Payroll costs (as defined above), group healthcare benefits, insurance premiums, and interest (but not principal) on mortgages or other debt incurred prior to February 15, 2020, rent on any lease in force prior to February 15, 2020, and utility payments.

Loans will be forgiven if employment and wage levels are maintained. There is a cure period for reductions that occur between February 15, 2020 and 30 days after March 27, 2020 as long as released employees are rehired or salary reductions are reversed by June 30, 2020. Reductions in employment or wages that occur during the period beginning on February 15, 2020, and ending 30 days after March 27, 2020 (as compared to February 15, 2020) shall not reduce the amount of loan forgiveness IF by June 30, 2020 the borrower eliminates the reduction in employees or reduction in wages.

The amount of loan forgiveness calculated above is reduced if there is a reduction in the number of employees or a reduction of greater than 25% in wages paid to employees. Specifically:

For the reduction in the forgiveness of the loan for employee headcount, the calculation is as follows:

  • Average number of full time equivalent employees per month for the 8 week period beginning on the date of the origination of the loan divided by the average number of full time equivalent employees per month during the period 2/15/2019 – 6/30/2019, or, at your choice, the average number of full time equivalent employees per month during January and February 2020.

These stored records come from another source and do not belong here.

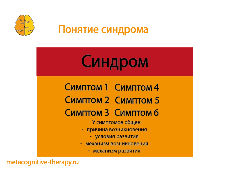 Синдром — это совокупность симптомов с общими причинами и условиями их развития и механизмом возникновения (т. е. с общей этиологией и патогенезом).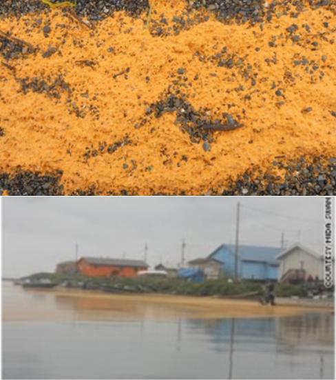 이 물질은 오렌지 빛을 띄고 있으며 만지면 기름같은 느낌이 난다고 주민들은 전했다.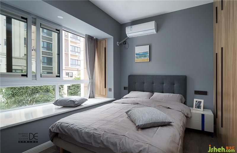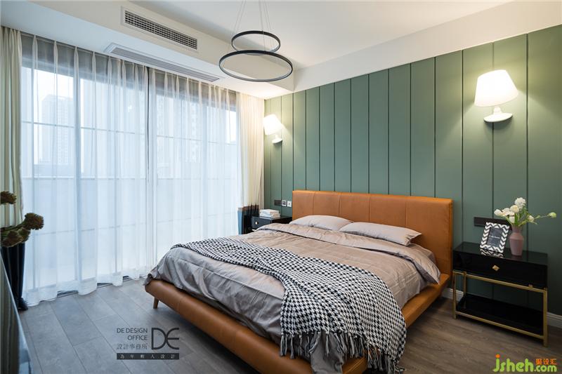 用石膏板拼縫,刷上清新的綠色,沉穩(wěn)造型配上活躍色彩,營造出主人房氛圍;土黃色大床配上黑色床頭柜,看似雜亂實則穩(wěn)中有序,涌出溫馨典雅的格調。工作勞頓后,回到房間時自然將繁雜之事拋于腦后,享受這份身心愉悅之感。

For the reduction relating to wages:

  • The loan forgiveness is reduced by any reduction in total salary of any employee during the 8 week period beginning on the date of the origination of the loan that is in excess of 25% of the total salary of that employee during the most recent full quarter during which the employee was employed prior to the loan, which would be the first quarter of 2020. For the purpose of this calculation, anyone who has an annualized salary in 2019 of more than $100,000 is not included.

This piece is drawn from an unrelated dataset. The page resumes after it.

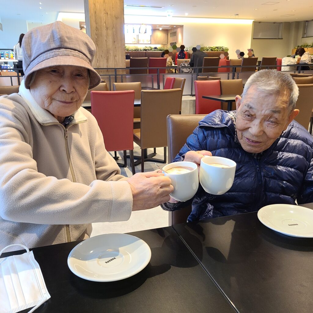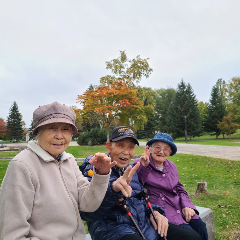 2025.10.19 紅葉見学🍁 10/18に、少しお天気はいまいちでしたが・・・銀杏並木が綺麗な音更まで 1階2階の入居者さんと出掛けてきました🚗 近くの公園で降りて記念撮影、銀杏並木は車通りも多いので、車内から見ただけでしたが みなさん「綺麗ねぇ~」と眺めていました😊 少し小雨が降ってきて、ちょうど15時のおやつ時になったので オープンした新しいドトールさんで、お茶の時間にしました☕ うららで飲むココアとは一味違って、みなさん「うめぇなぁ~」「美味しい」と喜ばれていましたよ😊☕ < 前の記事へ 記事一覧へ >

Any loan amount remaining after this forgiveness is applied will be carried forward with a maximum maturity of 10 years and a maximum interest rate of 4% with an option to defer payments of interest and principal not more than 1 year.

Another opportunity allows employers to defer paying the matching social security tax for the remainder of 2020, and will pay those taxes over the following two years. Currently, employees have Social Security Taxes withheld from their pay at a rate of 6.2%. The employer then matches those taxes, so the government gets 12.4% in Social Security taxes for each dollar an employee earns.